Wednesday, July 10th 2024, 4:09 pm
A restaurant in downtown Bartlesville is offering classic Oklahoma features but combining them with flavors from around the world with local meat from a ranch 25 miles away.
Mark and Kelly Spencer opened Painted Horse in 2013 and own a few other restaurants. They say the restaurant biz is all about service, compassion, and delicious food.
Colorful, vibrant paintings of horses, rustic cowhide, and a full U-shaped bar—the restaurant's centerpiece—greet customers, new and old, at Painted Horse.
The historic building has original floors and ceilings from 1904.
“People ask me, how did I get started in the restaurant business, and I tell them, poor choices,” Mark said.
Mark and Kelly Spencer own the restaurant and have a few more around town and in Arkansas.
Painted Horse opened 11 years ago, but the owners have been together and in the restaurant business for much longer.
“We’ve done it together for 40 years,” said Kelly. “I’m the back of the house. He's the visionary, I’m the glueifier.”
The menu has something for everyone: from the classics, like burgers and steaks, to more unique options like their Asian-inspired salmon, salads, and mac and cheese of all kinds.
“I wanted to offer things that a lot of people would enjoy and things I enjoy cooking,” Mark said.
The best part is that most of the meat is farm-to-table. Mark is a fifth-generation rancher, and he and Kelly own Wolf Creek Ranch in Pawhuska, where they raise horses and cattle.
“We will sell hamburgers from our ranch, the steaks and roasts and things like that here at the restaurant, a real ranch-to-table,” he said.
Back in the bustling kitchen, chefs tend to steaks of all cuts and press down burgers on the grill.
The ribeye steak gets a lot of seasoning and is seared and served at a beautiful medium rare alongside roasted Brussels sprouts and parm potato wedges.
One bite melts in your mouth, and it’s even better with the compound butter. The Brussels sprouts are tangy and have a charred bite to them.
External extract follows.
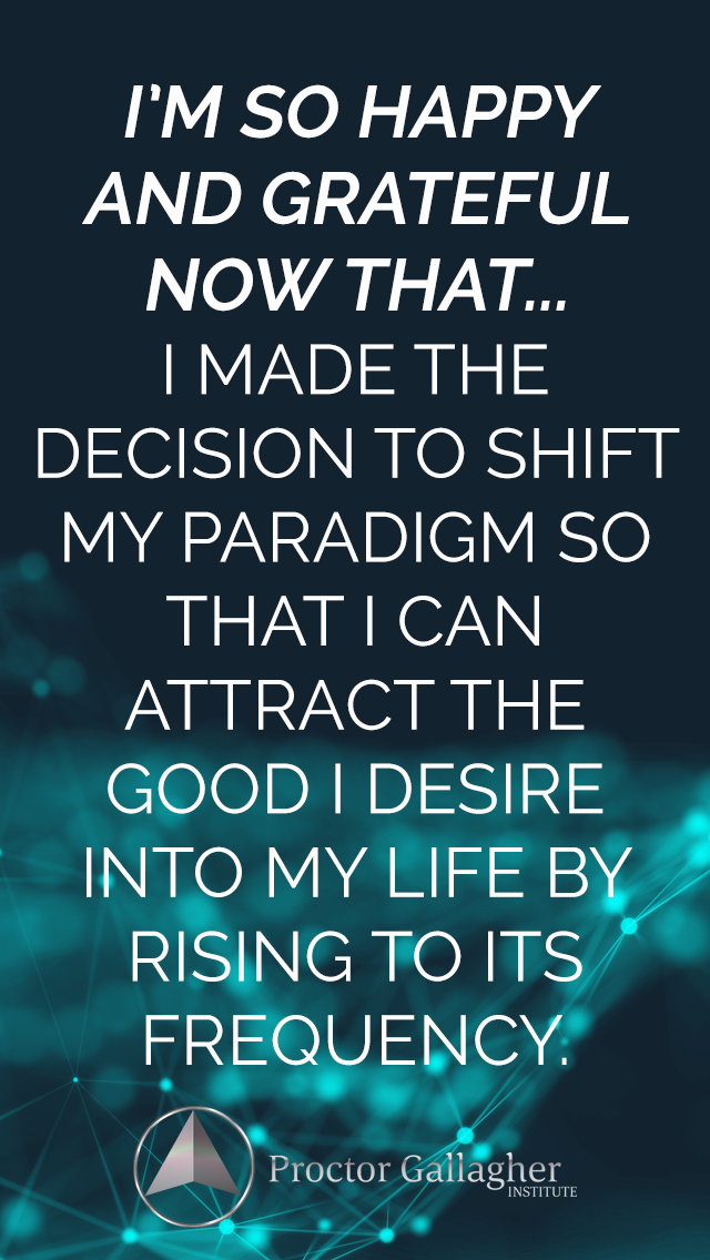 I am so happy and grateful now that… I made the decision to shift my paradigm so that I can attract the good I desire into my life by rising to its frequency.

The grilled salmon is a change of pace from the hearty ribeye. After chefs sauté a medley of veggies and get the salmon seasoned and grilled, the fish gets served on top of a bed of rice and is topped with a hibachi sauce and spicy slaw.
It’s spicy, sweet, and fresh.
Mac and cheese isn't a side dish here—it’s a main course. They call this the Cluck and Squeal; hot noodles are covered in a five-cheese sauce and topped with breadcrumbs, chicken, bacon, and green onion.
“All of our mac is really, really good,” Kelly said. “Pork, beef, shrimp, chicken.”
All that cheese would make anyone a little thirsty. That’s why the bar has something for anyone.
“This is Travis, our bartender,” Mark said. “My oldest son also.”
Painted Horse is a family affair, with their daughter Hannah as the GM and Travis behind the bar.
He’s shaking up a summer drink, the coconut margarita.
“You could be on a tropical beach or you could be in Osage County,” said Mark.
This drink gets a coconut flake rim, and Travis combines tequila with triple sec, pineapple juice, coconut, and fresh lime—dangerously good.
The Painted Horse is named in honor of Mark’s great-grandmother, a full-blood Cherokee who painted a paint-by-number horse when Mark was a kid.
“The painted horse began one day I'll have a restaurant and name it for my great grandma, the painted horse,” he said.
Mark and Kelly say the secret sauce to their success is kindness and consistency in their staff and their service. They get to know their customers, and the friendship makes people want to come back for more.
“If you can work on food and make it really good and have a great atmosphere, you have a chance, but then you gotta put the work in,” Mark said.
Painted Horse is located at 110 SW Frank Phillips Blvd, Bartlesville, OK 74003.